29 октября. Несмотря на стоны Ульсона, я заснул. Но не успел проспать и получаса, как снова был разбужен странным воем, который, казалось, то приближался, то опять удалялся. Спросонья я не мог дать себе отчет, что это может быть. Вышел на веранду. Дождь перестал, и было не слишком темно. Я оделся, вышел, сошел к ручью, и мне пришла фантазия пойти по тропинке в Горенду и послушать вблизи пение папуасов, так как вышеупомянутый вой не мог быть не чем иным, как пением туземцев. Надо было сказать Ульсону, что я ухожу. Ему моя фантазия очень не понравилась. Он уверял меня, что если папуасы вдруг придут, то непременно убьют его и Боя, так как оба они больны и защищаться не могут. В утешение я поставил мое двухствольное ружье около его койки и уверил, что при первом выстреле вернусь немедленно в Гарагаси. Хотя дождь и прошел, но было пасмурно; однако благодаря взошедшей, хотя и скрытой облаками луне я мог пробираться осторожно по тропинке. Пение слышалось все громче, по мере того как я приближался к Горенду. Очень утомившись от этой прогулки в полутемноте, я сел на пень и стал вслушиваться. Пение, или вой, несшийся мне навстречу, был очень прост, и напев постоянно повторялся. Кроме того, этот примитивный мотив еще поднимался и опускался неправильными волнами, то неожиданно совсем обрывался, чтобы начаться через полминуты. От времени до времени слышались удары барума.

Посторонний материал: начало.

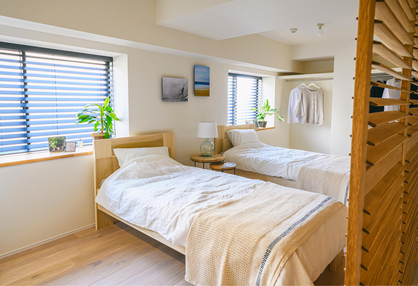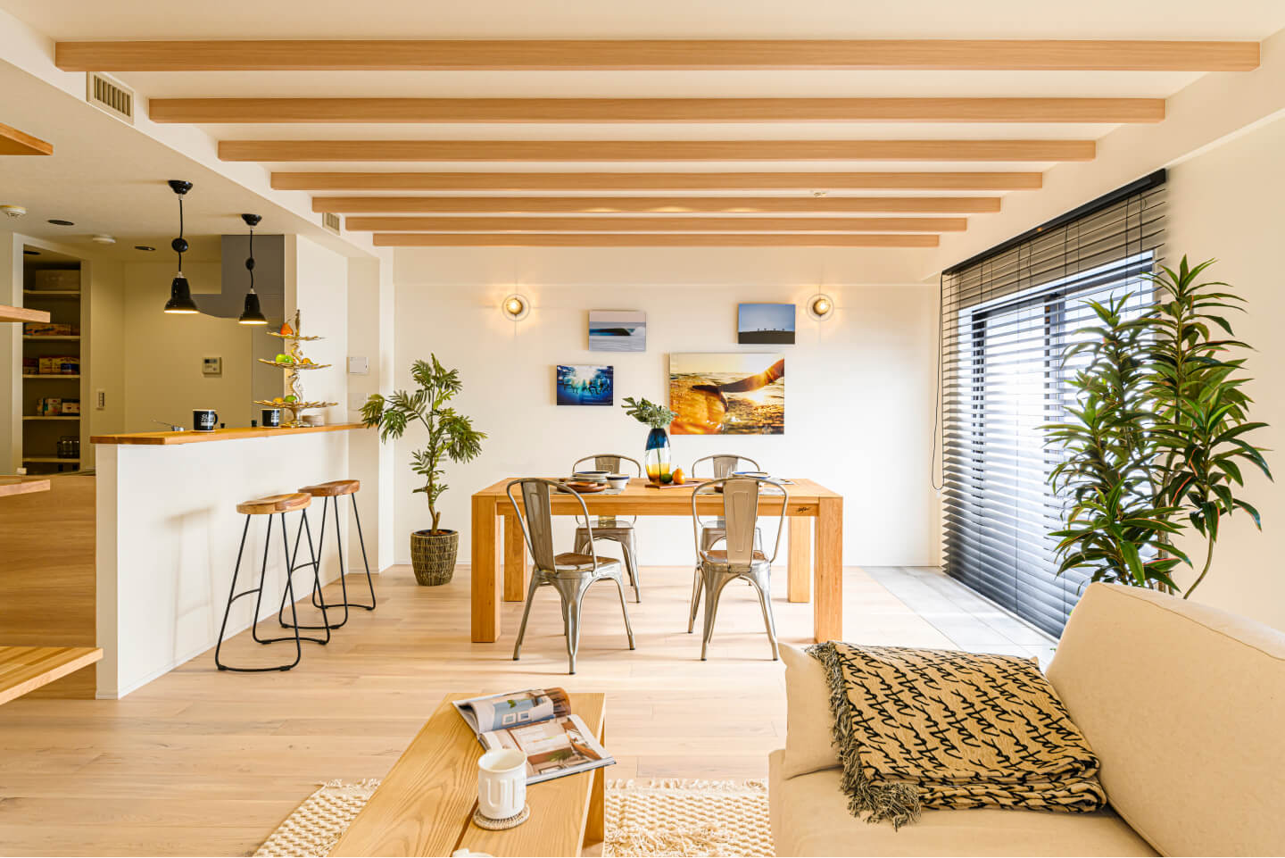 西海岸のコンドミニアムをコンセプトに、白い壁と天井、リビングの天井に木製の梁、寝室を分ける扉はルーバーとし爽やかな南国の風が通り抜けるかのようなホテルのひと部屋を連想させます。
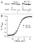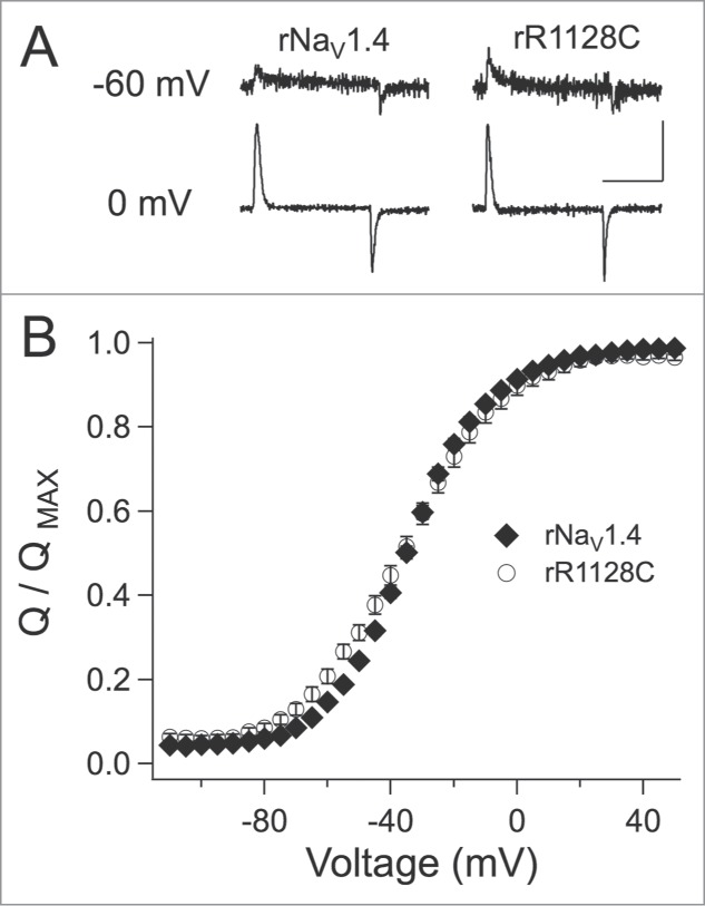 Figure 2. Charge movement in wild type rNaV1.4 and rR1128C channels. (A) Traces comparing responses at −60 mV and at 0 mV, from a holding potential of −120 mV. Calibration: vertical 100 nA (−60 mV) or 500 nA (0 mV); horizontal 10 ms. (B) Voltage dependence of charge movement (Q/V relation) in response to 20 ms depolarization, from −110 mV to 60 mV. Values represent mean ± SEM from 34 (rNaV1.4) or 18 (rR1128C) experiments.
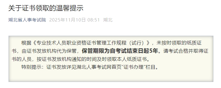 特别提示:证书发放详见湖北人事考试网首页“证书办理”栏目。
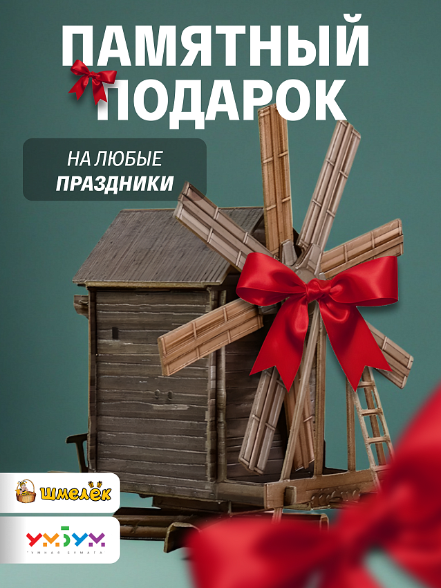 Модель для сборки такого рода, отличный подарок на праздники: новый год, 23 февраля, 1 сентября, день рождения. Конструктор мельница станет достойным сувениром дедушке или отцу, особенно если они интересуются культурой и архитектурой России.
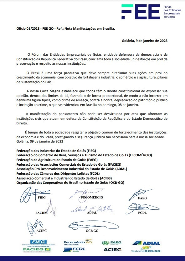A nota foi assinada pelas federações das Indústrias (FIEG), do Comércio de Bens, Serviços e Turismo (FECOMÉRCIO), da Agricultura (FAEG), das Associações Comerciais (FACIEG) e das Câmaras dos Dirigentes Lojistas (FCDL), além da Organização das Cooperativas do Brasil (OCB-GO) e das associações Pró Desenvolvimento Industrial (ADIAL) e Comercial e Industrial (ACIEG).
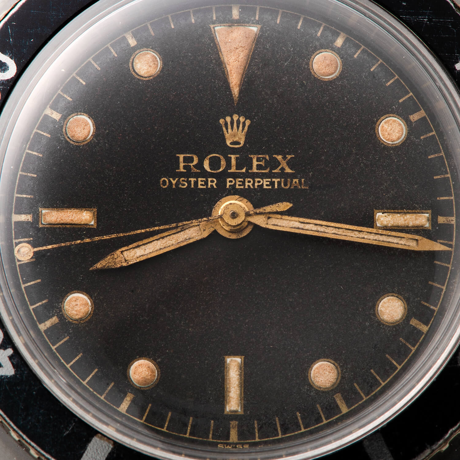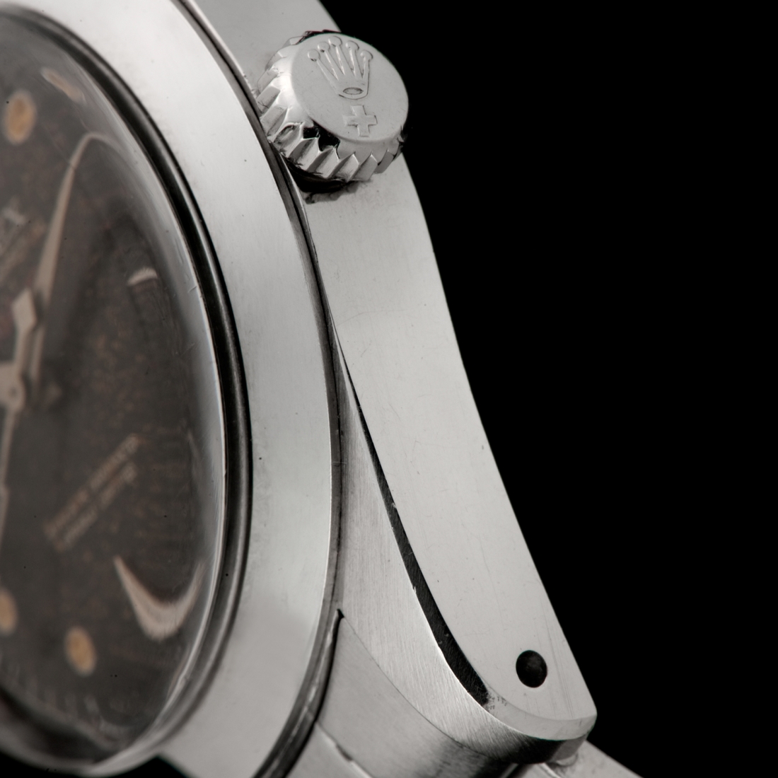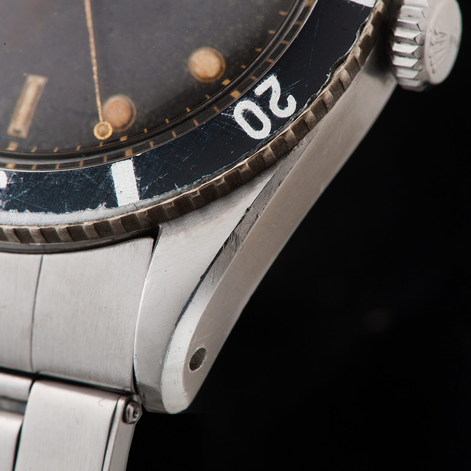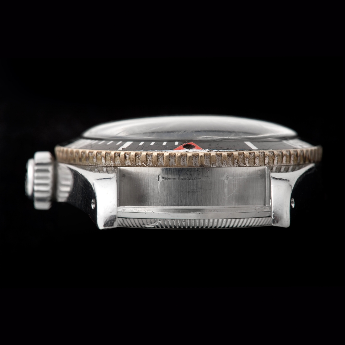 1954年から約1年間のみの製造と言われている稀少なモデルで、リューズガードがないケース、0から15まで分刻みのないベゼルインサート、サークル付きのミラーダイアルにはメルセデスハンドではなくペンシル型の長短針と小さめのロリポップを先端に配した秒針が付いたアーリーサブにしか見られないディテールとなります。
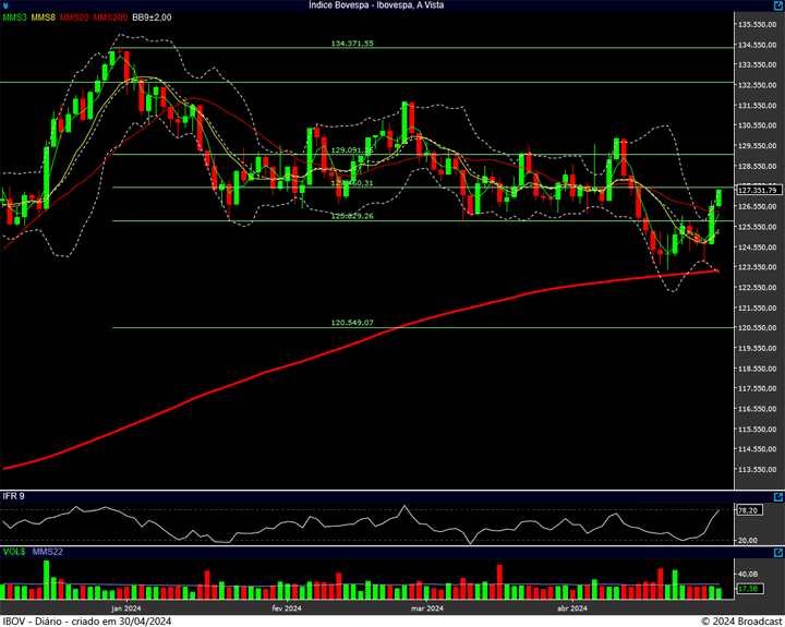 Se você olhar para o intraday, no 60 minutos, verá que a coisa não está tãããão legal assim. Esticado. Pode rolar uma pausa pro xixi ainda hoje. E com isso, o 126.500 pontos é a região mais importante de todos os tempos da última semana, ao menos por hoje, pra mim.
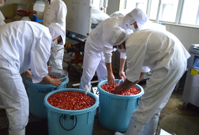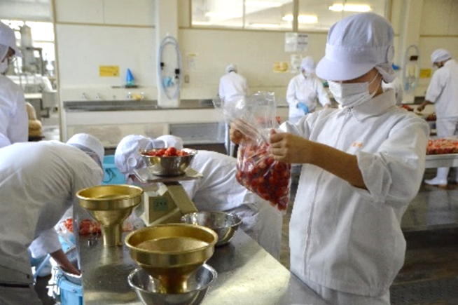 食品科学コース3年次生の総合実習の授業で、苺ジャムの製造が始まりました。
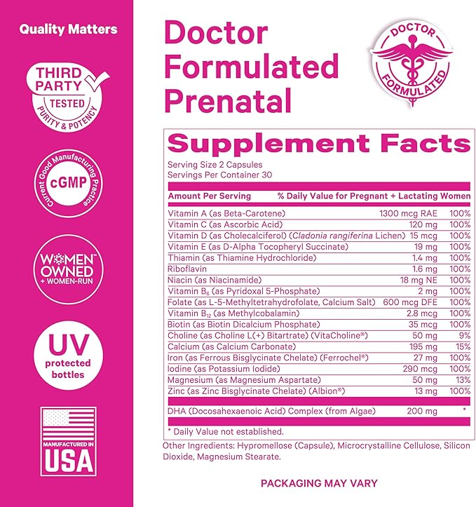 - Prenatals aren't just vitamins for women - baby reaps the benefits, too. Folate supports red blood cell formation and helps prevent major birth defects - it's so essential that OBGYNs recommend a folate supplement for women while trying to conceive. DHA is essential for the development of baby’s brain and eyes; Iron helps supply oxygen to your body (and your baby!); B-complex vitamins support fetal brain development and energy for mom.
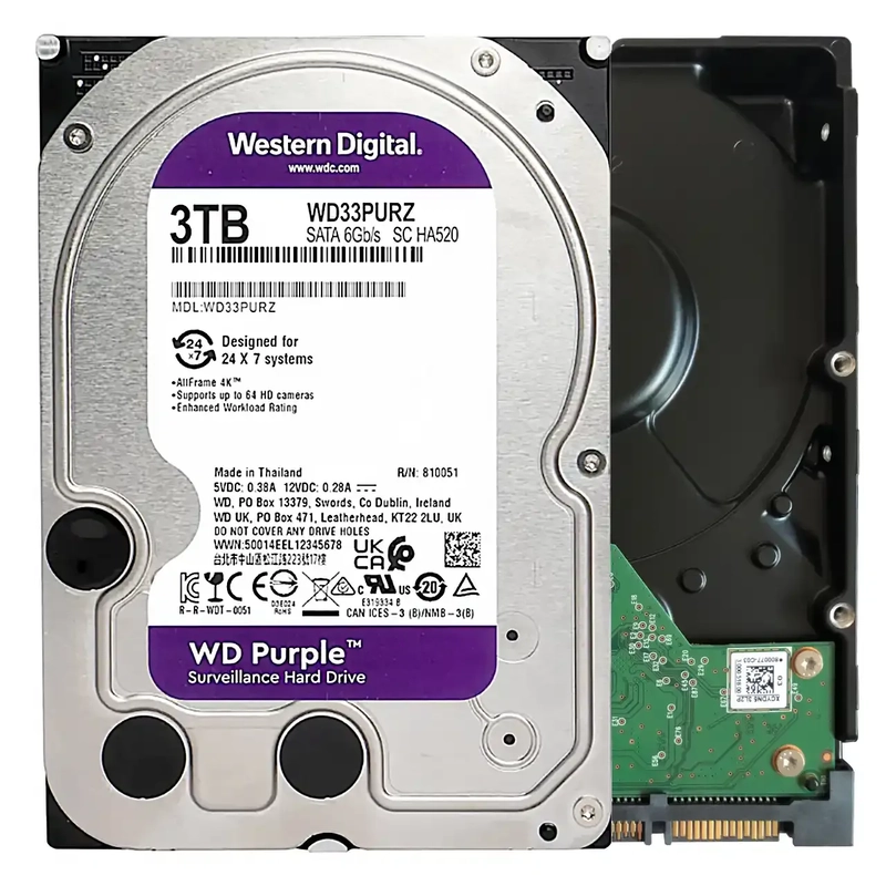 **WD Purple WD33PURZ 3 TB Hard Drive**: A high-capacity 3.5″ internal HDD designed for 24/7 surveillance systems. Features SATA/600 interface, 5400rpm speed, and 3TB storage optimized for continuous HD video recording. Built with AllFrame technology to reduce frame loss and ensure smooth playback, it supports up to 64 cameras simultaneously. Engineered for durability in always-on environments, it offers enhanced compatibility with AI-enabled security systems and RAID configurations. Ideal for reliable, high-performance surveillance storage with low power consumption and minimal heat output.
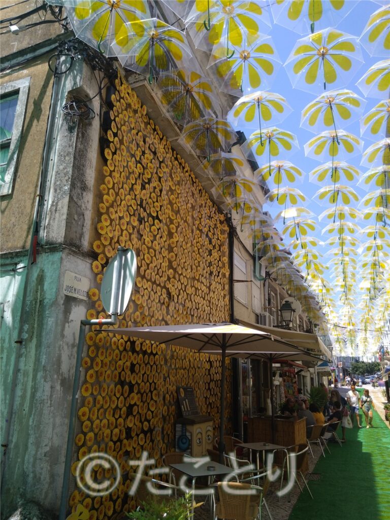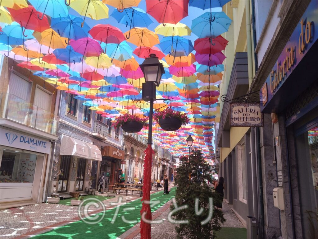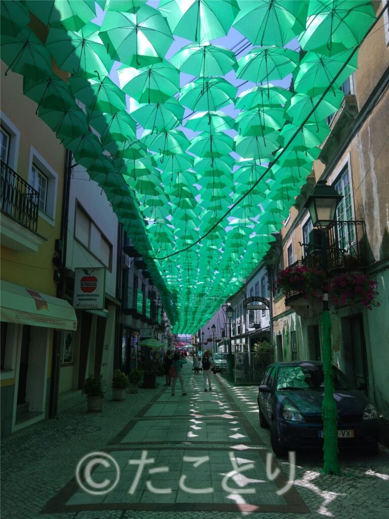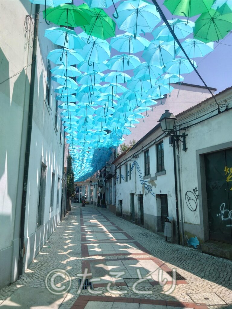で、てくてく歩いて15分くらいでやっと念願の傘祭りをしている通りへ!二人共、思い切りテンション上がって写真📷️を撮りまくっていると、あちこちに日本人と思しき人々がいました。ポルトのあちこちで聞こえてくる中国語は無くて、やはりポルトと違ってちょっと遠いのでやはり余程の思い入れが無いと来ませんよね。又、この傘で日陰を作って暑い日も快適に外を歩けるというのが理解出来ました。
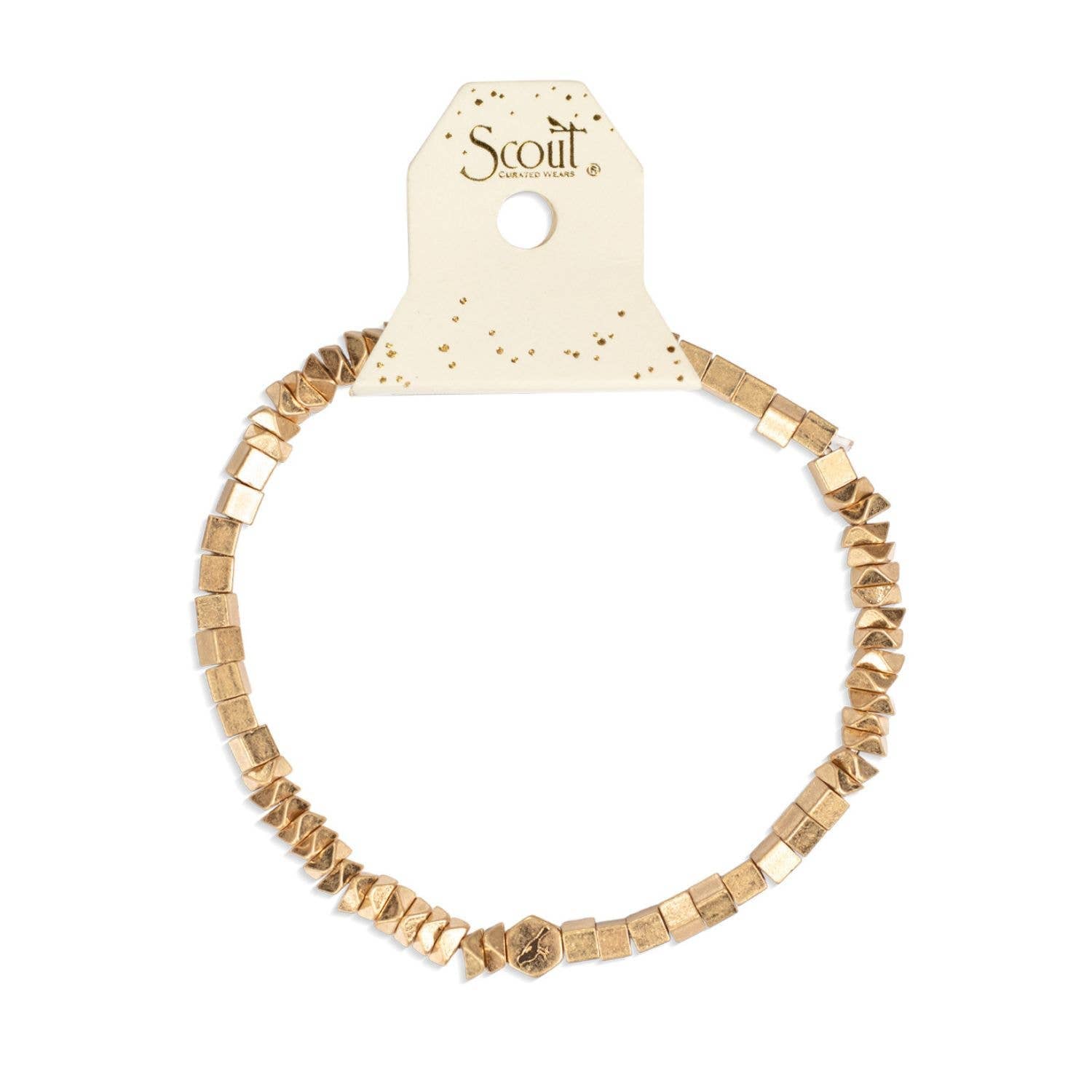 Simple & sophisticated. Each mini metal stacking bracelet features assorted geometric beads for a textural look. Dainty and delicate, they're perfect in any stack to catch the light & add a bit of sparkle.

Иногда тот же напев, начинаясь медленно, тихо, протяжно, постепенно рос, делался все громче и громче, такт все учащался; наконец, пение переходило в какой-то почти что нечеловеческий крик, который, внезапно обрываясь, замирал.
Сидя на пне, я раза два чуть было не свалился. Мне казалось, что я вижу какой-то страшный сон. Очнувшись во второй раз и чувствуя большое желание спать, я переменил намерение: вместо того чтобы идти вперед, я пошел назад и не помню, как добрался до моей хижины, где тотчас же лег, даже не раздеваясь. Несколько раз еще впросонках слышал отрывки папуасского концерта.
30 октября. Сегодня утром шел в первый раз в это время дня дождь. Не наступает ли дождливое время года? Когда дождь перестал, я был свидетелем, сидя на пне у моего флагштока, оригинальной ловли рыбы. Был отлив; мелкая рыба, должно быть преследуемая акулами, которых здесь немало, металась во все стороны, выпрыгивая иногда из воды. Из-за деревьев у берега вышел Туй и следил за эволюциями рыб. Вдруг рыбы, вероятно, жестоко преследуемые неприятелем, кинулись к берегу. В несколько прыжков Туй очутился около них. Вода там была немного ниже колен, и дно, разумеется, хорошо видно.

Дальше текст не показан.